If your mind is going elsewhere then you have another exercise to do… Drag it back, bring it back. Take the help of intelligence. Who is superior to the mind? Intelligence is superior to the mind. So where is mind going, whether it is going to the right place or wrong place or is it timely for the mind to go… Who will decide all this? Intelligence decides. Power of discrimination is with intelligence. Mind doesn’t have its own philosophy. Mind is just floating. Just like child. While walking, passing by the shop, the child cries… daddy, daddy… I want that. Mind is like that. Daddy tries to convince… no no… Take this lollipop and then the child runs for that. Just a moment ago the child was crying for something else and now drops that and runs for something else and then something else. There is nothing fixed about the mind. Hence you could change the mind. Mind you could change. Train the mind. Shape up the mind. So there is a scope. Knowing that there is scope for changing the mind, it is possible to changing the habits of mind. Mind doesn’t have its own philosophy. Superior to mind is intelligence. …
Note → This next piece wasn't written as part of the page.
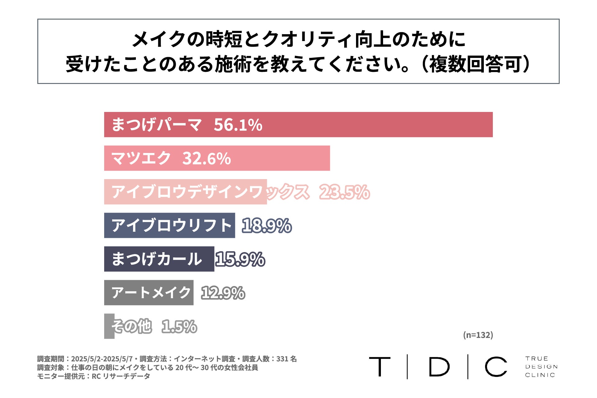 本調査の結果から、20代~30代の女性会社員の4割強が、仕事の日の朝に行っているメイクを負担に感じているということが明らかになりましたが、一般社団法人TRUE DESIGN CLINICは、眉、アイライン、リップなどの「アートメイク」を提供しており、毎日のメイクの時短とクオリティ向上を実現します。また、アートメイク以外にも美容医療の最新メニューを提供しています。アートメイクのこと、お肌やお顔のお悩み、お気軽にご相談ください。

We have to have intelligence and exercise it, use that intelligence for improving our chanting. So you prove you that you are intelligent by using the intelligence. So your two hours, the 16 rounds – this is the time for you to use intelligence. Otherwise it is just sleeping business because intelligence is not being exercised. If intelligence is at job, alert sharp intelligence, immediately you will be able to tell: oh you are sleeping, you are doing this, your mind is going away … you will watch and point out and come up with rectification measure.”

If you want to read more on this topic please visit the Lokanath Swami’s Chant for Change initiative.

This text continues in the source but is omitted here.